Slashdot Mirror

← Back to Stories (view on slashdot.org)

Vulnerability, Potential Exploit In Cisco WLAN APs

Posted by timothy on from the just-wrap-it-in-tin-foil dept.

An anonymous reader writes "The AirMagnet Intrusion Research Team has uncovered a new wireless vulnerability and potential exploit associated with Cisco wireless LAN infrastructure. The vulnerability involves Cisco's Over-the-Air-Provisioning (OTAP) feature found in its wireless access points. The potential exploit, dubbed SkyJack by AirMagnet, creates a situation whereby control of a Cisco AP can be obtained, whether intentionally or unintentionally, to gain access to a customer's wireless LAN."

3 of 35 comments (clear)

  1. Config option, not all that bad by Boetsj · · Score: 4, Interesting

    Apparently you can 'just' disable Over-the-Air-Provisioning (OTAP) to remove the threat, so it's not that big of a deal I'd say.

    1. Re:Config option, not all that bad by jeffmeden · · Score: 3, Insightful

      Not a big deal if (a) you happened to already do this during rollout or (b) you are properly notified about this and config changes are trivial on your network. In cases where you have a very large network and no centralized configuration manager, you will have to sink a lot of time into this 'fix' and that's assuming you don't use OTAP. In the case that you do use OTAP, or in the case that you are too busy to notice this and/or too busy to spend time reconfiguring all the affected devices, then yes, it can be a 'big deal'.
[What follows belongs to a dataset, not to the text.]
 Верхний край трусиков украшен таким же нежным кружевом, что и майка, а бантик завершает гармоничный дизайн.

  2. Re:Unintentionally? by fuzzyfuzzyfungus · · Score: 3, Insightful

    Given the amount of effort, particularly in consumer computer systems, to make things happen "automagically"(think DHCP, uPNP, zeroconf, autoconnecting to open APs, and the like), it is far from implausible that a system would unintentionally gain access to another system.
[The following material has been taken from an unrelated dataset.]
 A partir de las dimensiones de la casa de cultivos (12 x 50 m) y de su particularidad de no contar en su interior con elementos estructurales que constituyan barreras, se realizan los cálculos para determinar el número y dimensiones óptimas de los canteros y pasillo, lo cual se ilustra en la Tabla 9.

    If, say, you have a bog standard XP laptop, with a bittorrent client or other uPNP-using application running on it, and you start it up within range of an open AP, you could very well connect to somebody else's network and reconfigure their router all automatically. Never mind what might happen if your box is 0wn3d and full of malware that might attempt to automatically spread to other machines on the network you just joined.

    Technology has its share of "Golly shucks, officer, I dunno how this happened" excuses; but it also has huge amounts of automation going on.